Moscow Map and Country Region
CORSICA The gammadia L, the cornerstone, appears for the first time with its christological meaning in the catacomb of the Via Dino Compagni in Rome on a person’s pallium 4th c.. In his left hand, this person holds a scroll resting on his hip and with his right the hem of his pallium on which is portrayed the L. At times it is represented with a double L, as on the pallium of St. Stephen 6th c. and the small basilica called the “basilica of the Traditio clavium,” and the cemetery of Commodilla at Rome. At Naples, in the only painted arcosolium in the cemetery of St. Severo, a person shows on the hem of the pallium the same gammadia flipped in the opposite direction, L, a perspectivism of sorts. The use of the L as cornerstone became very widespread.
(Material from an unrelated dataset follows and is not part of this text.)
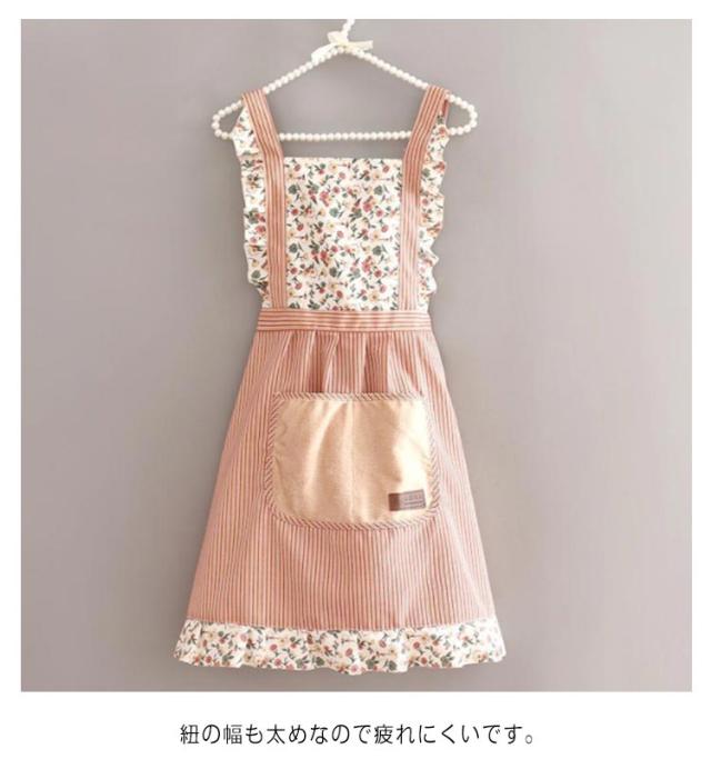きれいめ ストライプ エプロン フリルエプロン 可愛い ワンピースエプロン 花柄 花屋 胸当てエプロン 前掛け H型 ドレスエプロンカフェ ユニフォーム エプロン 女性用

One finds it at Ravenna in the side chapel of the mausoleum of Galla Placidia 5th c.. In the procession of the martyrs of S. Apollinare Nuovo, it appears in a pair LL on the pallium of St. Hippolytus 6th c.. At Milan, in the small chapel of St. Aquilino, on the mosaic of the apse on the righthand side, the young Christ seated on a throne in the middle of the apostolic college, displays the L on the hip of his pallium 5th c.. In the apse of Parentium one can see the Madonna with child and the two angels with L’s.
History for Moscow Map
After losing the printing contract for William Brooker’s Boston Gazette, Benjamin Franklin’s brother, James, begins publishing The New England Courant, the third regularly produced newspaper established in the Country colonies. Unlike the stiff and torpid reporting that characterizes the Boston NewsLetter and the Boston Gazette, the New England Courant is designed to entertain, amuse, and stimulate readers. Moscow Map Benjamin Franklin, writing under the pseudonym of Silence Dogwood, frequently contributes satirical essays to the Courant, and he will briefly assume the paper’s editorship, when his brother is jailed on contempt charges in 1722.